Huawei Atlas 950 AI SuperPoD: 8,192 NPUs as One Machine

Huawei Atlas 950 SuperPoD connects 8,192 Ascend NPUs via UnifiedBus 2.0 into one machine delivering 8 EFLOPS. Full architecture from chips to openFuyao.

LB
Luca Berton
· 8 min read

The headline numbers

At MWC Barcelona 2026, Huawei unveiled the Atlas 950 SuperPoD — the company’s next-generation AI infrastructure platform. The numbers demand attention:

  • 8,192 Ascend 950DT NPUs in a single logical machine
  • 8 EFLOPS in FP8, 16 EFLOPS in FP4
  • 16 PB/s interconnect bandwidth (more than 10x the entire globe’s peak internet bandwidth)
  • 1,152 TB total memory
  • 160 cabinets (128 compute, 32 communications) across 1,000 square meters
  • All-optical interconnect via UnifiedBus 2.0

For context: NVIDIA’s planned NVL144 system connects 144 Blackwell Ultra GPUs. The Atlas 950 SuperPoD has 56.8 times more processing units and claims 6.7 times more computing power. Whether you view these as directly comparable or not, the scale is unprecedented.

The Atlas 950 SuperPoD is scheduled for Q4 2026.

The Ascend 950DT chip

The SuperPoD is built on the Ascend 950DT — Huawei’s next-generation neural processing unit optimized for the decode stage of inference and model training. Key specs:

  • 1 PFLOPS in FP8/MXFP8/HiF8
  • 2 PFLOPS in MXFP4
  • 144 GB HiZQ 2.0 HBM with 4 TB/s memory access bandwidth
  • 2 TB/s interconnect bandwidth (2.5x the Ascend 910C)
  • Support for FP8, MXFP8, MXFP4, and Huawei’s proprietary HiF8 format (FP16-class precision at FP8-class efficiency)

The companion chip, Ascend 950PR, is optimized for the prefill stage and recommendation systems, using lower-cost HiBL 1.0 HBM. This split design means you can optimize hardware spend per inference stage — prefill nodes use cheaper memory, decode nodes get maximum bandwidth.

The Ascend roadmap

Huawei has committed to a three-year, annual-cadence chip roadmap:

ChipAvailabilityFP8 ComputeInterconnect BW
Ascend 910C2025 (shipping)Baseline800 GB/s
Ascend 950 seriesQ1 2026 (PR), Q4 2026 (DT)1 PFLOPS2 TB/s
Ascend 960Q4 20272 PFLOPSHigher
Ascend 970Q4 20284 PFLOPS4 TB/s

Each generation doubles compute. The goal: sustain AI computing power growth with the semiconductor process nodes available to China.

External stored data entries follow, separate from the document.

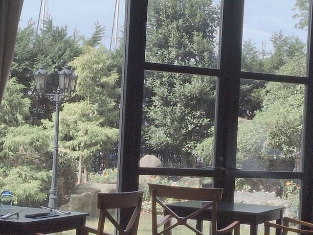 ヨットの帆が見えるレストラン、ホテルランチをいただく。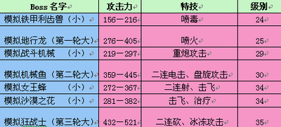 热血内侧新增单开场景―虚拟训练场,带给玩家的不仅是强烈的视觉冲激,还有极高的掉宝率、经验值和海量金钱。让玩家在畅快打怪同时,收获至宝、经验和金钱。下面就让我们来了解一下“虚拟训练场”中出现的BOSS吧: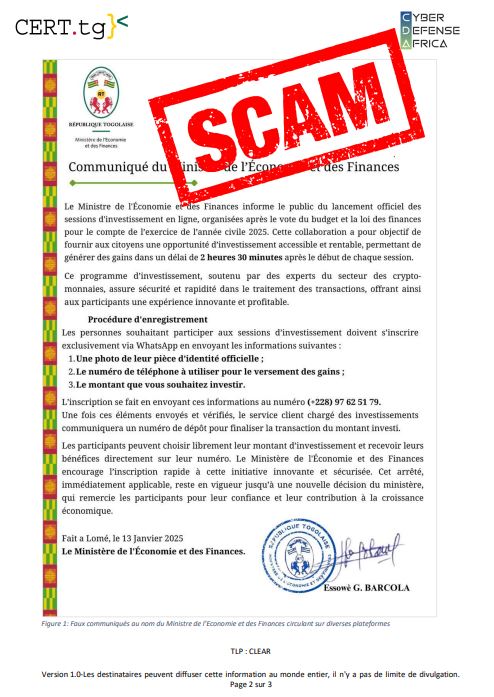 Depuis quelques jours, une grosse arnaque d’investissement en ligne cible les Togolais. En effet, un faux communiqué attribué au Ministère de l’Economie et des Finances circule sur les réseaux sociaux (WhatsApp, Facebook, TikTok…).

UnifiedBus 2.0: Not a network — a memory fabric

This is the architectural innovation that makes the SuperPoD fundamentally different from a traditional GPU cluster.

UnifiedBus is not a networking protocol. It is a memory fabric.

In a conventional cluster, GPUs communicate over network fabric (InfiniBand, RoCE). Each GPU has its own memory, and data movement between GPUs requires explicit network operations — serialize, send, receive, deserialize. This adds latency and complexity at every step.

UnifiedBus integrates directly into the processor via a Unified Bus Memory Management Unit (UBMMU). When a processor executes a load instruction against a remote address, the UBMMU translates it into a UB memory operation and sends it over the optical interconnect. The remote side validates the access and returns the data. This happens transparently to the application.

The practical implication: 8,192 NPUs share a unified memory pool. For the software layer, the SuperPoD looks like one very large computer, not a cluster of independent machines. This is closer to how a traditional shared-memory multiprocessor works than how a networked cluster operates.

Key interconnect specs

  • 16 PB/s total interconnect bandwidth across the full SuperPoD
  • 2.1 microsecond inter-NPU latency
  • 200 meter optical range within the data center
  • 100x more reliable than conventional optical interconnect (100-ns fault detection and protection switching)
  • 100% all-optical — combines “copper reliability with optical range”

UnifiedBus 2.0 is open

In a move that surprised many observers, Huawei has open-sourced the UnifiedBus 2.0 technical specifications. Where NVIDIA’s NVLink remains proprietary and tightly coupled to NVIDIA hardware, Huawei is inviting industry partners to adopt UnifiedBus and develop compatible products.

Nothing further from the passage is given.